§ Work order:
When copying the data below, keep only the lines from the one with "Bordo deri ve" through the one with "Bedroom 3 - This", word for word, and skip the pictures.

§ Data for the task:
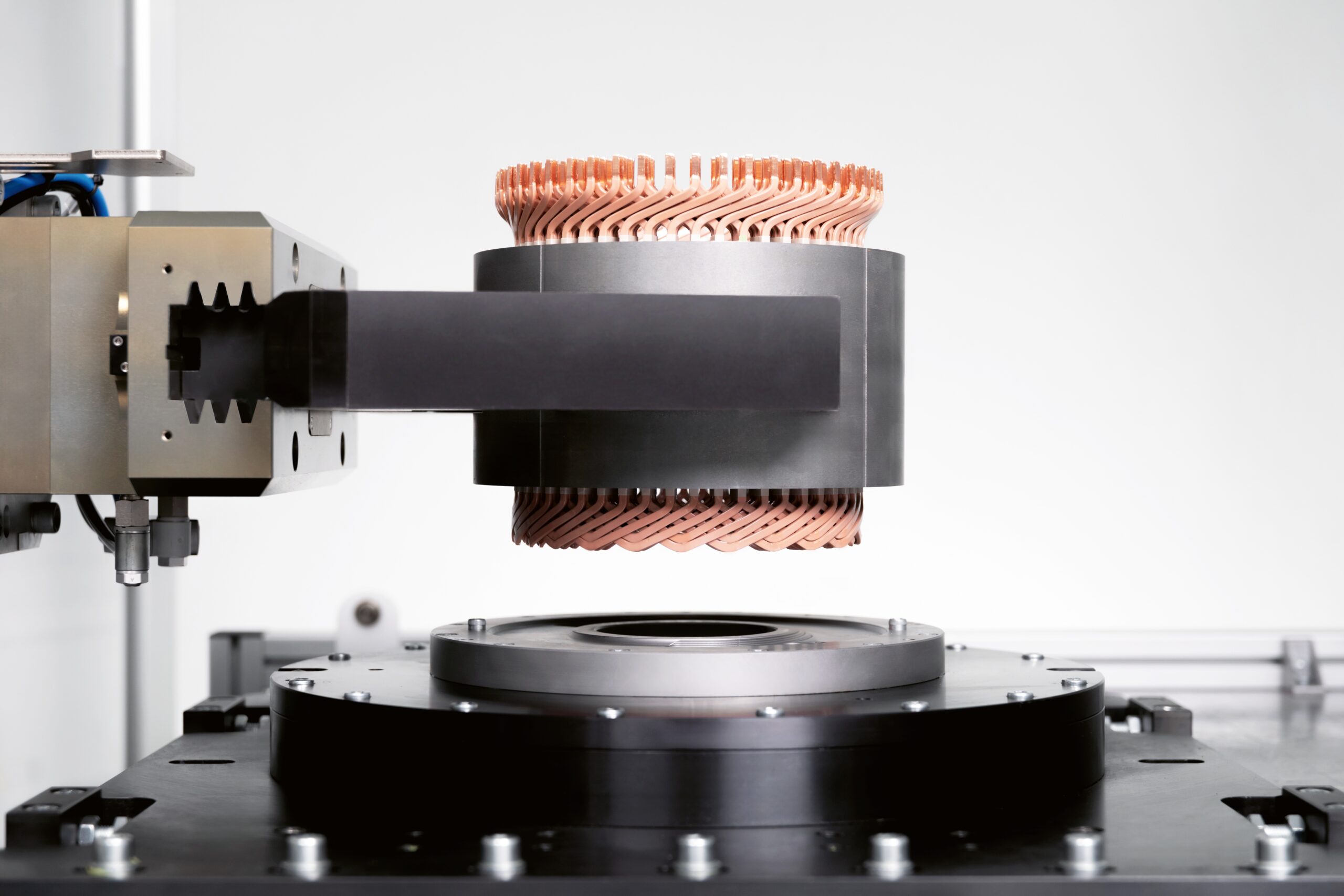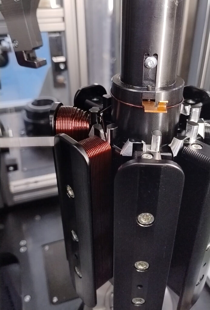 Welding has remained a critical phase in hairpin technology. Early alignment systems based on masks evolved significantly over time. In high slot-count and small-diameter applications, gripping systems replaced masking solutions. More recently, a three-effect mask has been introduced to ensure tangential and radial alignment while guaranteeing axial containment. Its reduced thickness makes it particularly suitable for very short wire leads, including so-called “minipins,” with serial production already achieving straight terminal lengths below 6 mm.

* * *

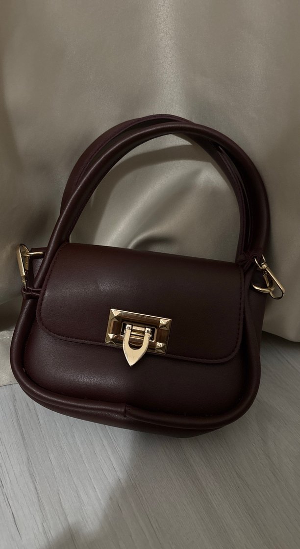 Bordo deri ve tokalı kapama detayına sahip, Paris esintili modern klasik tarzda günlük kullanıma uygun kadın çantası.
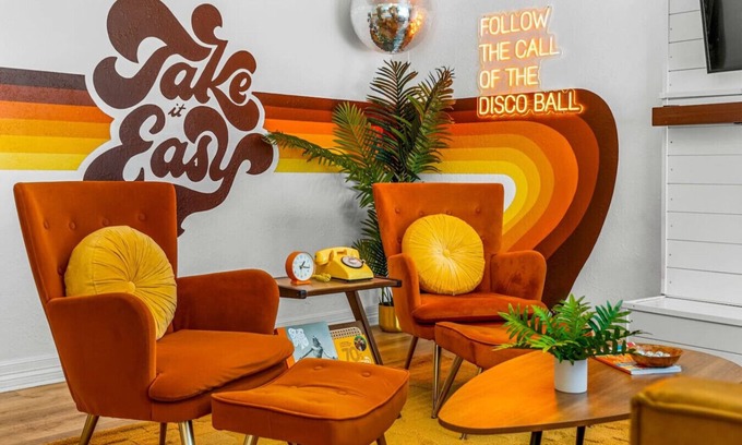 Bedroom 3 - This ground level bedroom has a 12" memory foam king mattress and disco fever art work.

§ Exercise solution:
 Bordo deri ve tokalı kapama detayına sahip, Paris esintili modern klasik tarzda günlük kullanıma uygun kadın çantası.
 Bedroom 3 - This ground level bedroom has a 12" memory foam king mattress and disco fever art work.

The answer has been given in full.